Interesting positioning. Cross-tool memory portability is the right direction. A practical trust layer to add: every recalled item should carry provenance + freshness metadata so agents can choose whether to trust, refresh, or ignore memory instead of treating all recalls as equally valid.
persistent memory across tools is the right problem to solve. the real friction isnt context length, its context continuity -- picking up a claude session tomorrow feeling like you never left. memobase looks solid for the memory layer. the missing piece most people ignore is session state itself: terminal output, working directory, what commands actually ran. memory without replay is just notes.
Yeah, 100% agree. That's one thing I just thought about yesterday also - Every session should be summarised and written to the data store also, that way sessions become portable contexts. There's potentially a case to be made to have full replay, i.e. the plaintext sessions stored but I'm not entirely sure on how much more valuable that is over a summary.

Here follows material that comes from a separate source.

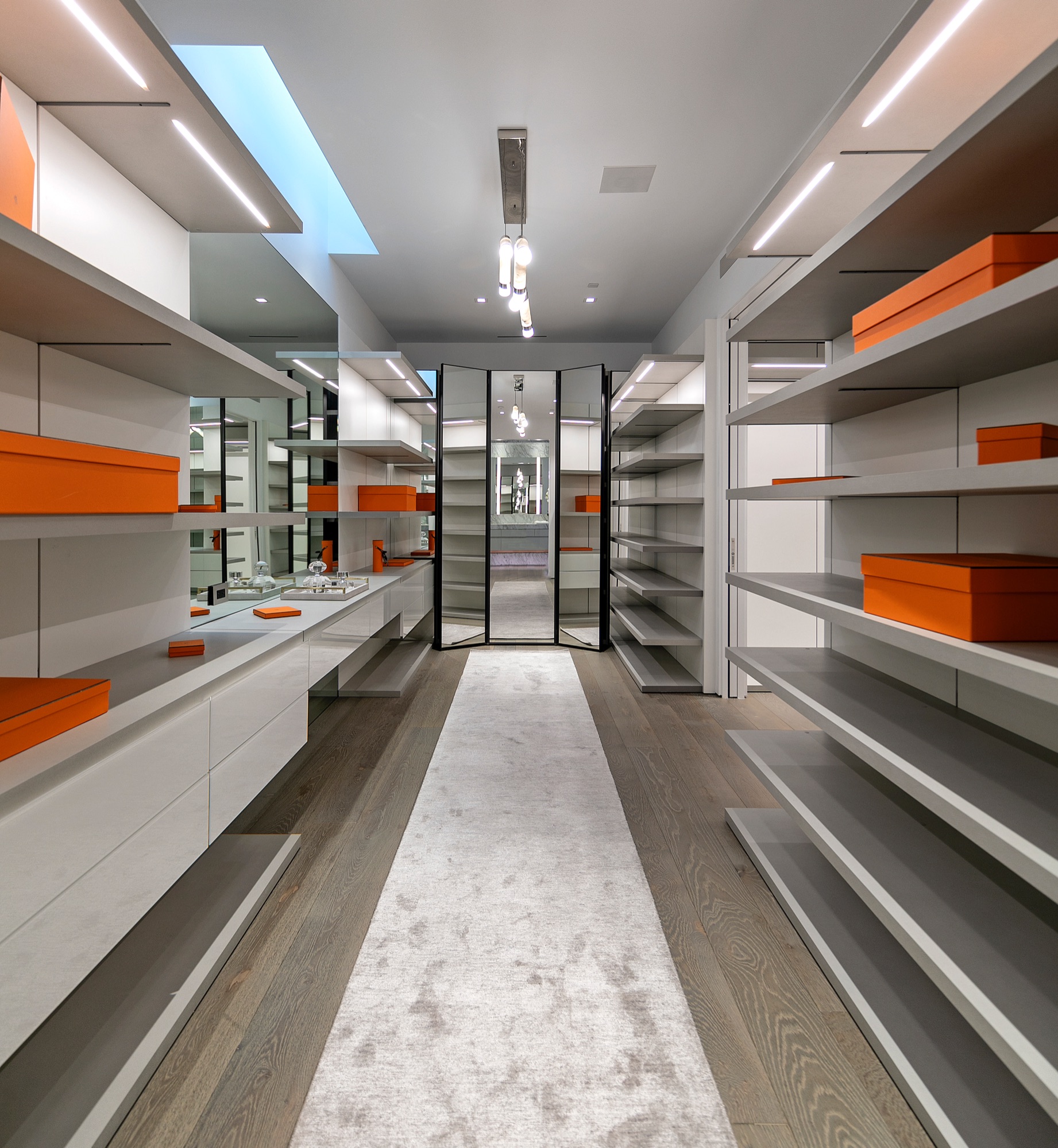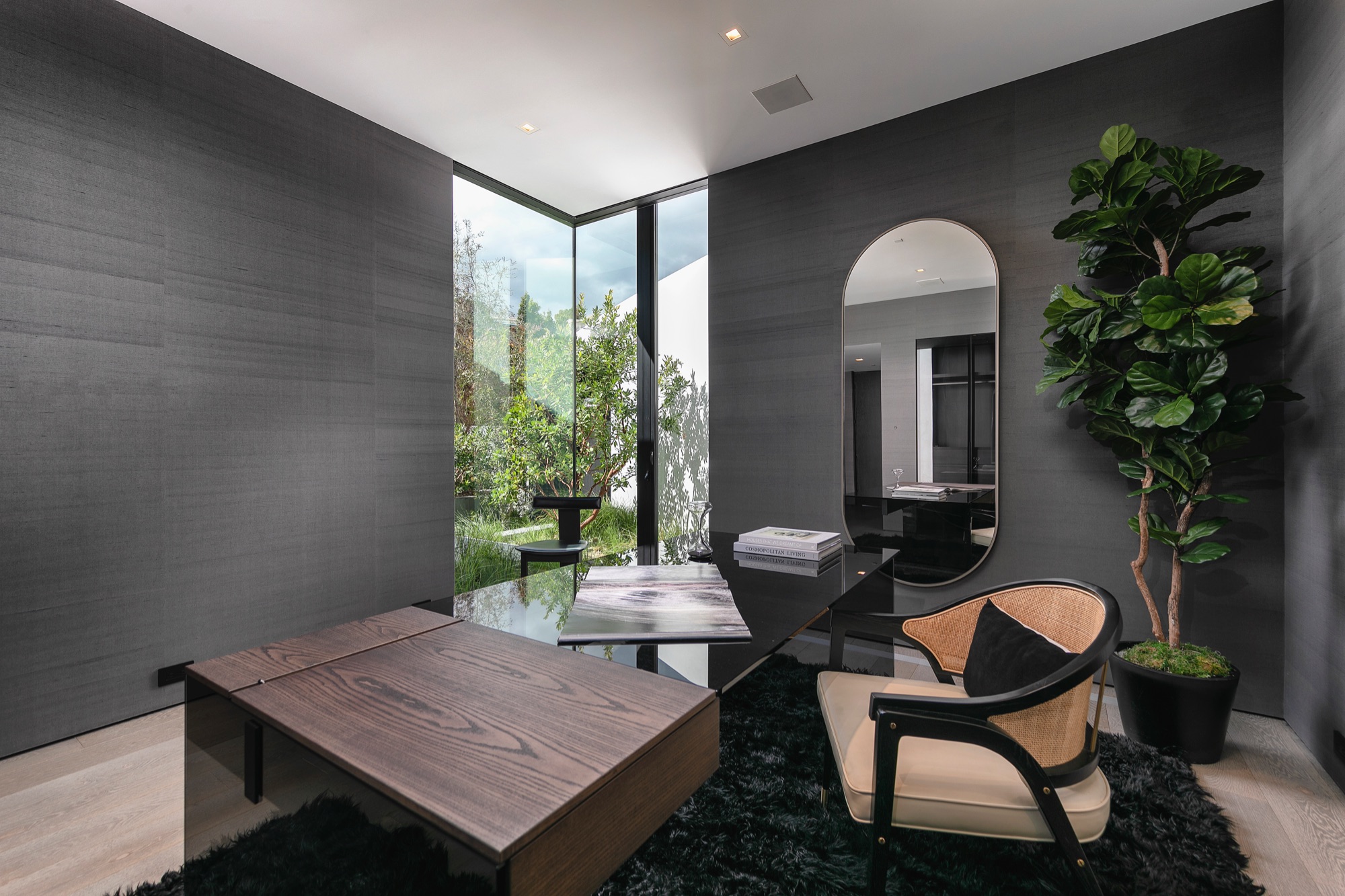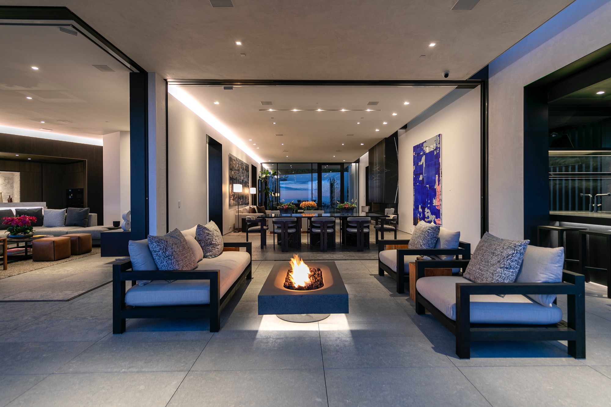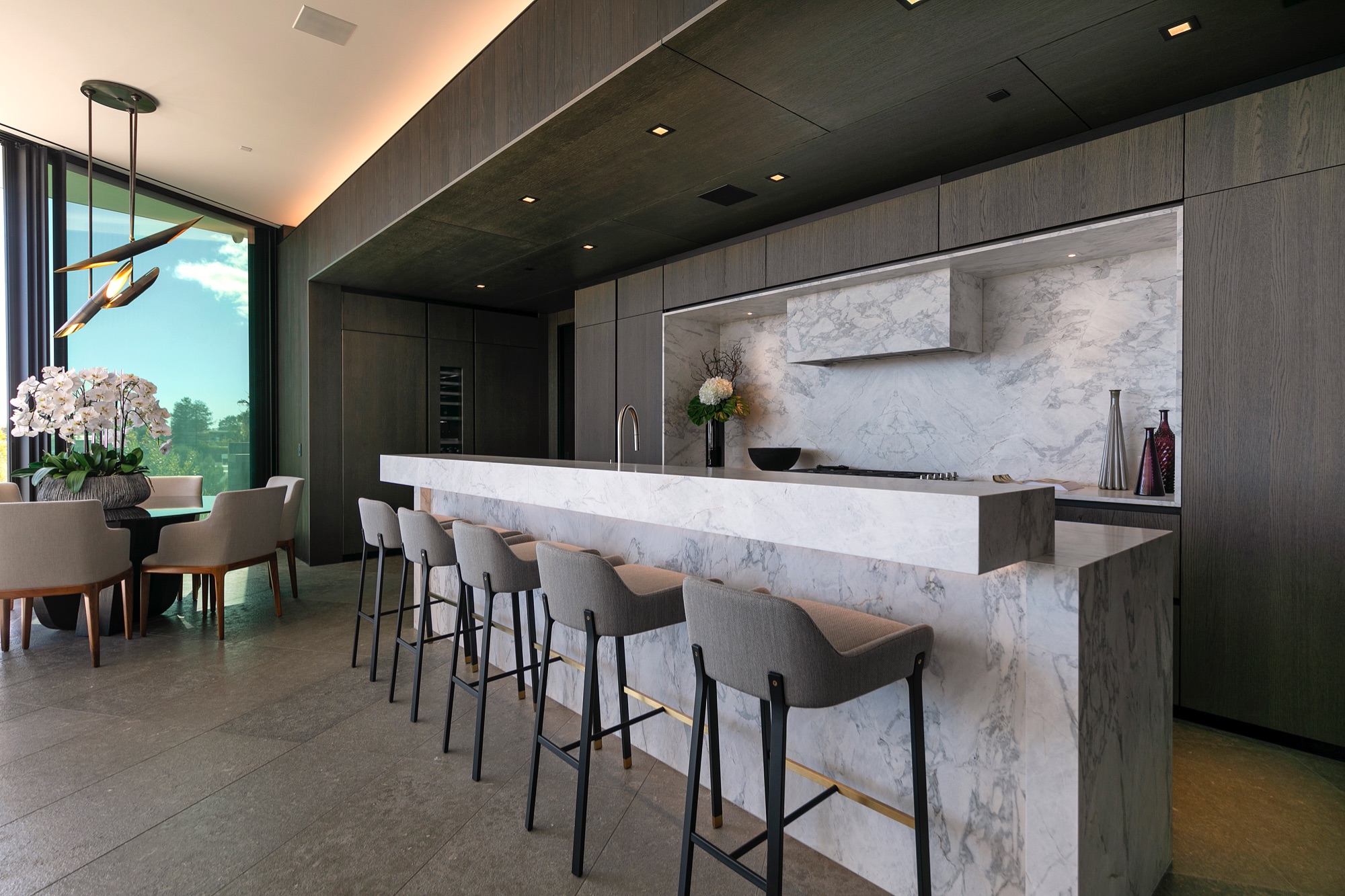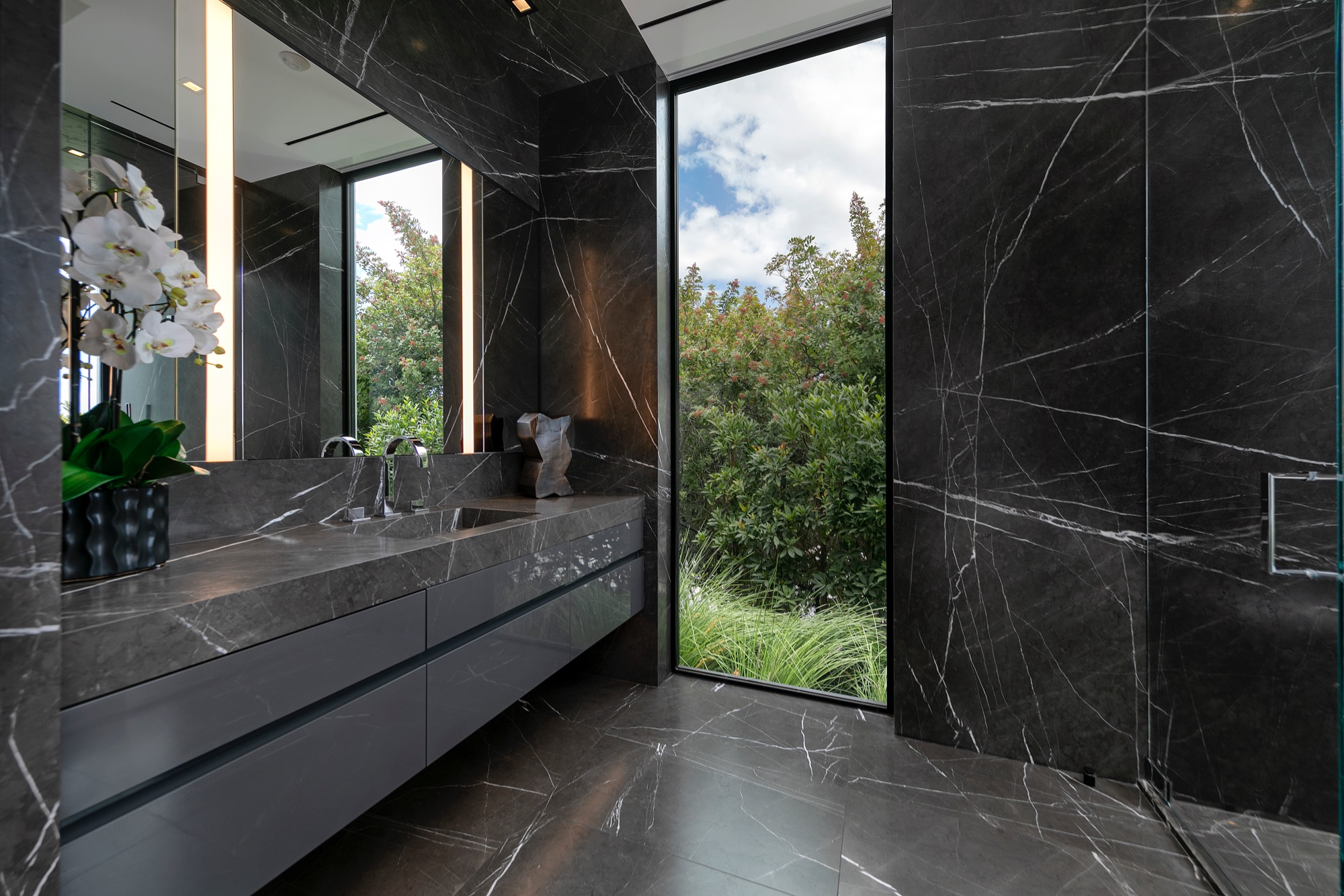 A spectacular hillside glass-walled sanctuary by design icon Mark Rios with Trousdale Estates most explosive panoramic city to ocean views. Interiors by Dusenbury Design, this modern organic masterpiece provides the most captivating entertainment features. Behind the privacy of a 13-ft architectural wall, the 12,456-sf, 6-beds, 11-baths estate boasts a 15-ft waterfall in the front court cascading into a lower-level reflecting pool & a 2100-sf subterranean garage. Elegant, clean lines reflecting mid-century modern sophistication meet luxurious stone, wood & marble finishes. Floor-to-ceiling doors & elegant open concept fill every inch of the main living spaces with natural light and unobstructed views. Chefs kitchen, breakfast bar, formal & alfresco dining. Outdoor entertainment features a firepit lounge with a bar and a lush terrace with an expansive pool/spa soaring over the skyline. Lower-level entertainment oasis features a stunning blue velvet lounge with a marble bar, an oversized glass wine cellar & a theater with matching palette. Lavish 1,600-sf primary suite features dual bathrooms with a tranquil tub overlooking the 360 vista. Additional amenities include gym, massage, elevator, beauty salon, en-suite guest rooms & staff quarters. Make your mark among the most discerning elite with this legendary home.

summaries are probably 80% of the value at 10% of the storage cost. full replay is nice for debugging weird agent behavior but day-to-day you rarely need the raw transcript.
the interesting edge case is when the summary itself becomes the lossy artifact - like, who decides whats important enough to keep? if the model summarises, it might quietly drop the context that would have mattered most next week.
hybrid might be the move: rolling summary plus last N raw turns.
Right - that makes sense. I see it similarly. My assumption though is that as models get better, the likelyhood of the model missing context that matters the most will get lower and lower.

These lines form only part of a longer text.